In my imagination the DAMASKO movement should have the following specifications: 30mm diameter, winding up bi-directional, day-date-indication, fast day-date set up (the Valjoux sets day and date from 11 to 1, the Damasko movement should shift faster), central second or small second at 9, with the possibility of adding a GMT indication or mounting a chrono module. You see, the movement is already ready to be launched but only in my mind.

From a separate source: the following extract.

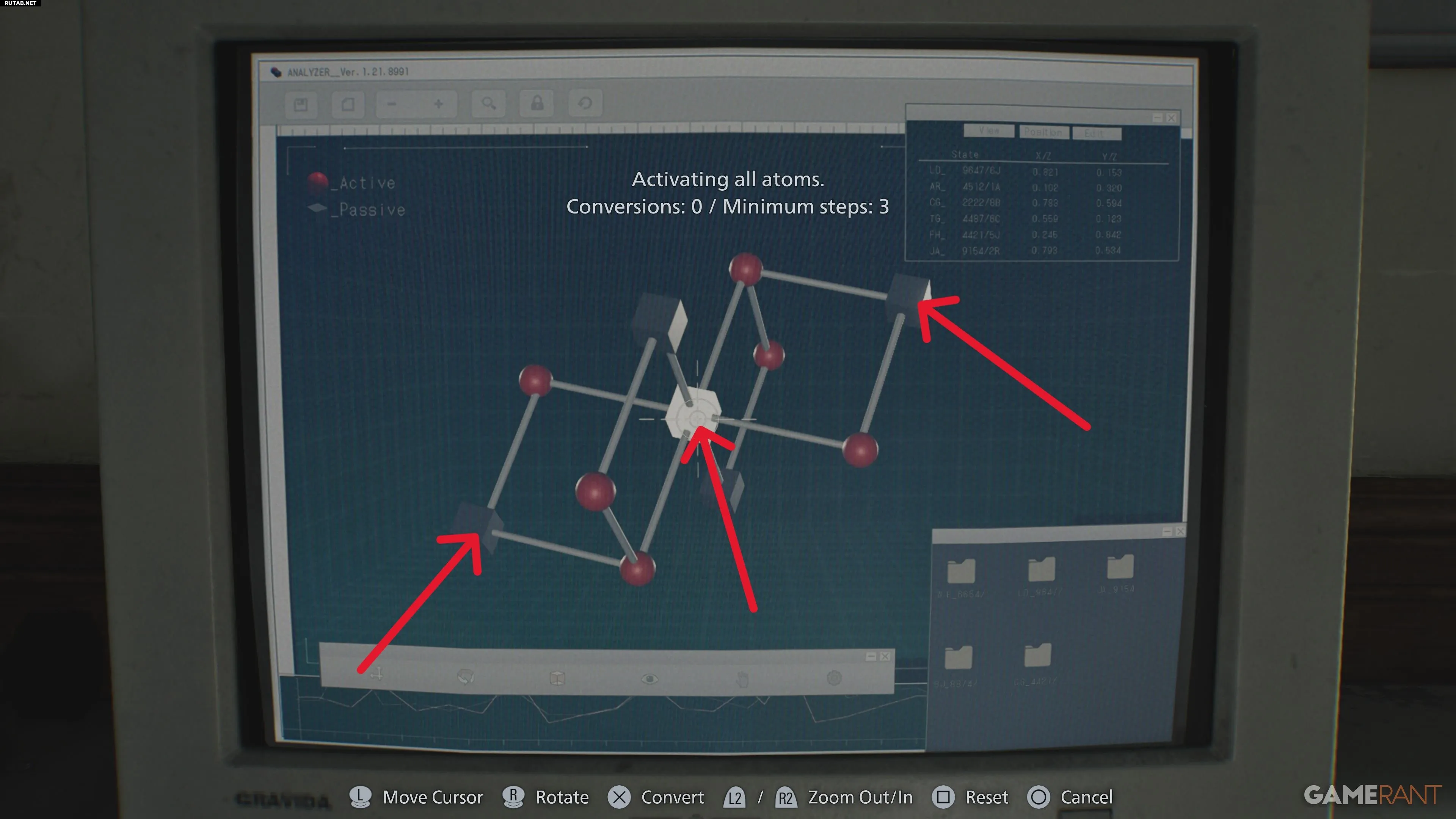 У микроскопа взаимодействуйте с анализатором и выберите Отрубленную руку из инвентаря. Это запустит головоломку с атомами, где нужно выбрать самую левую, среднюю и самую правую точки.

To summarize: Time will tell if a DAMASKO movement is / can be the solution to the regressive availability of ETA ebauches. The whole situation urges that this decision has to be made very soon, I think in the next two, three month.

WUS:
You already mentioned that Damasko is a family runed enterprise. Are the output figures a secret ?
KD:
No it´s not really a secret. The output has to be seen under the premise that we want to provide watches representing a technical standard which truly sets our products apart when compared to any similar looking watches. I want our watches not to fail. The missing watchmaker (we are desperately seeking for) is another bar to further and faster proceedings.
But to answer your question: About 1000 watches have left Barbing, so the owners are members of a relatively small club, probably without having known that until now. Furthermore I´d like to mention that all watches have been assembled by me and passed my eyes. So if there´s something wrong with a DAMASKO please blame me.
Today a DA 36 bearing No. 106 on its back will leave Barbing heading for Hohen Neuendorf. (Another smile on Konrad´s face and on mine too).
The next deliveries will go to Korea and the United States

WUS:
What about the DA 46 ?
KD:
Due to the "confirmed" small amount of movements I can´t offer the DA 46 yet. It would be unfair to announce the launch of the DA 46 not having the necessary movements in stock. At present my priority is to fullfill all the orders I already got.

WUS:
Seems like a reasonable plan to me, what about the bracelet then ?
KD:
I am aware of the fact that a lot of customers bought a DC 56, 57 or 66 or a DA 36,37 knowing that a ice-hardened bracelet will be available in the future. And I have to admit that the current situation overrode (all) my plans. The major problem I now have to face is the procurement of movements, otherwise there will be no Damasko watch for a certain time period. So I decided to concentrate on core business which has an existential component
for DAMASKO watches.

WUS:
Thanks for your upfront answers. I know that not every customer will be satisfied but a revealing answer is always better than no anwer. Last question. Any news from EADS ?
KD:
Not at present. The only thing I can tell you is that DAMASKO watches are undergoing a test series at EADS. The watches are tested under under-inflation.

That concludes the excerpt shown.